Inca Inchi protein powder is a natural organic product with no additives, obtained from carefully selected Plukenetia volubilis Linneo seeds, commonly known as sacha inchi. The process involves mechanical milling and extrusion, but no solvents or chemicals, in which the seeds are hulled and part of the oil content is extracted. It naturally contains no antinutrients and therefore does not need to be refined.

Inca Inchi powder contains the highest percentage of high biological value protein of all edible vegetable and animal products, it provides all essential amino-acids and minerals giving it a better balance than the most-used cereals: soya, wheat, rice, quinoa and all others. In fact its nutritional value exceeds that of meat, eggs and dairy products, which is why Inca Inchi powder and its essential amino-acids should be included in all traditional and vegetarian diets, as well as those for sportsmen and the old. The lack of gluten in Inca Inchi means that it can be eaten by celiac disease sufferers.
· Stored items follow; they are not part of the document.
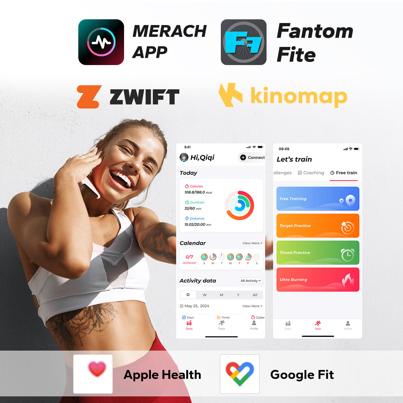 Merach, Kinomap, Zwift, Apple Health, Google Fit, Fanton Fite (By Merach)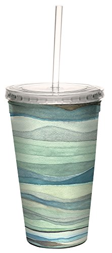 Tree-Free Greetings 35479 Shell Rummel Watercolor Waves Double-Walled Cool Cup with Reusable Straw, 16-Ounce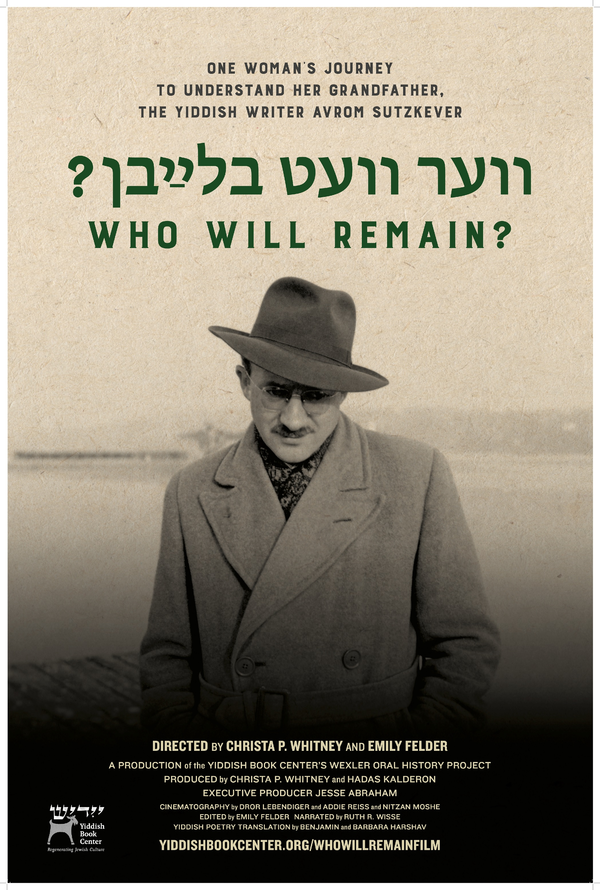 From 2-3 we will screen the film Ver Vet Blaybn? (Who Will Remain?) which traces the story of the amazing Yiddish poet Avraham Sutzkever. From 3-4 we will first hear from Sutzkever’s granddaughter Hadas Kalderon, then filmmaker Christa P. Whitney, and then Sutzkever scholar Justin Cammy. After these speakers, we will open up to Q & A from the audience.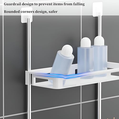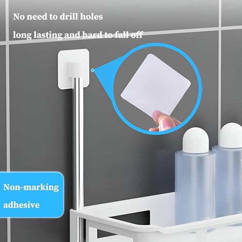 - Easy Installation: The installation process is designed to be as simple as possible. It only requires the application of two clear adhesive stickers to the top of the ceramic toilet. No drilling toilet organizer. The poles at the back of the toilet rack extend below the top of the ceramic toilet, providing added stability.

The entire Inca Inchi production process is organic.


Gelatinised Inca Inchi protein powder is a vegetable protein with high nutritional quality, a good flavor and an excellent combination of essential and non-essential amino acids, complete balanced and with high percentages of the most valuable components, giving it a high digestibility index and high bioavailability; it is a superior to traditional protein and is easy to digest for children and adults alike. Its natural composition includes omega 3 oil, which is very important to ensure good cardiovascular function and microcirculation in the brain.
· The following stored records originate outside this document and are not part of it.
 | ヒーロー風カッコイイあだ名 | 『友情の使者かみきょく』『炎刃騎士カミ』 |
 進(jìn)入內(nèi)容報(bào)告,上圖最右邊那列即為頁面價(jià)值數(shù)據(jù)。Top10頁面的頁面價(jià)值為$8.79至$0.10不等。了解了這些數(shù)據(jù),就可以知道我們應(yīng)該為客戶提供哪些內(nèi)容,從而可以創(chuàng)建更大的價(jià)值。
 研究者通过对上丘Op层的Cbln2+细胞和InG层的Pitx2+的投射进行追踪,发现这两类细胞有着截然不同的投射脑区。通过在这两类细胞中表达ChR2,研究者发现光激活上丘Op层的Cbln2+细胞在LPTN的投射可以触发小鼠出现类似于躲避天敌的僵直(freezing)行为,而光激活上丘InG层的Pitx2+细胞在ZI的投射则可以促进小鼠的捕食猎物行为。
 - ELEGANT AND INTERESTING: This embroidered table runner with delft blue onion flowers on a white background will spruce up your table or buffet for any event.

Gelatinised organic Inca Inchi protein powder can increase the protein content of a large variety of foods, whether raw, cooked or preserved, and drinks: bread, biscuits, pastries, pastas, flour, dairy produce and meat, it can also give texture and stability to emulsions. It hydrates easily, forming gels and emulsions that can withstand a wide range of heat treatments, even in the presence of salt. It is used as an ingredient in foodstuffs, nutraceutical and pharmaceutical products and cosmetics. Inca Inchi protein is an excellent food source for humans.


Protein is essential for every cell in our bodies from our nails to our brains; enzymes, hormones and other molecules are also indispensable for life. It is important and healthy for our daily diet to contain protein, the amount varies depending on different factors such as age, activity, state of health and others, so a general recommendation cannot be made but 0.9 grams per kilo of weight is indicated, making 60 to 100 grams a day for a man of average weight and little physical activity, and 45 to 75 grams for a woman in the same condition. Bearing in mind that Inca Inchi protein powder contains more than 60% pure protein and that the daily diet includes other sources of protein, the recommended daily quantity of Inca Inchi powder would be approximately one gram per kilo of weight for an adult consuming 2000 calories a day; sportsmen and growing people may consume more.
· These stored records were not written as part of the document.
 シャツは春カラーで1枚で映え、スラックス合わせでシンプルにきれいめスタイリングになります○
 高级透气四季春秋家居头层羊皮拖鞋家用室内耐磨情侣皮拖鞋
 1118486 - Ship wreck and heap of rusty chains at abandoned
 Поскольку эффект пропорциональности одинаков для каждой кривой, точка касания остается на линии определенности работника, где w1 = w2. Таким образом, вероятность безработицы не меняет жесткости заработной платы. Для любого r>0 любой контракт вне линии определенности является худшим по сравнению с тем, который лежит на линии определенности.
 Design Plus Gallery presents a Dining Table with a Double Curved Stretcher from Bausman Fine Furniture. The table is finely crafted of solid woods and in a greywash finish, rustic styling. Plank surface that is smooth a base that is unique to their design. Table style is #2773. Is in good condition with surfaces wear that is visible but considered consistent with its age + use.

Proteins play an important role when we want to lose weight; according to a number of studies, they stimulate the metabolism causing it to burn more calories and have an appetite-suppressing effect, causing us to eat less and reduce calorie intake; not only do they help us to lose weight, they prevent us from gaining weight.

Protein should represent 30% of a daily diet of 2000 calories; those who perform considerable physical activity need more protein in their diet than those leading sedentary lives, although certain factors, such as age or certain chronic illnesses, cause a loss of muscle mass and so a higher than normal consumption is advisable.



Unmature Inca inchi fruit

Dry Inca Inchi seed

Inca Inchi flour


Proteins are molecules formed by various amino-acids joined with peptide bonds; they are macronutrients made up of carbon, hydrogen, oxygen and nitrogen and some also contain Sulphur, phosphorus, iron and molybdenum. These elements are involved in the biological processes taking place in our bodies as well as in mental activities; they account for approximately half of the weight of a body’s tissues and are present in all of its cells. Proteins form part of the structure of cellular membranes and are essential for living cells, they are indispensable in all life forms.

The cells of the human body use amino-acids to build proteins and thus to form tissue, enzymes, hormones, antibodies and some neurotransmitters. Proteins, therefore, are essential for the formation and repair of muscles, bones and other tissues; their principal biological functions are to act in biocatalisis in the metabolism and as antibodies.

Food rich in proteins is necessary to repair wear and tear in tissues, allow growth and maintain good health.


Amino-acids are the building blocks of protein, the raw material from which our body is made: muscles, hair, bones, skin and even the brain tissue that produces our thoughts, emotions and consciousness.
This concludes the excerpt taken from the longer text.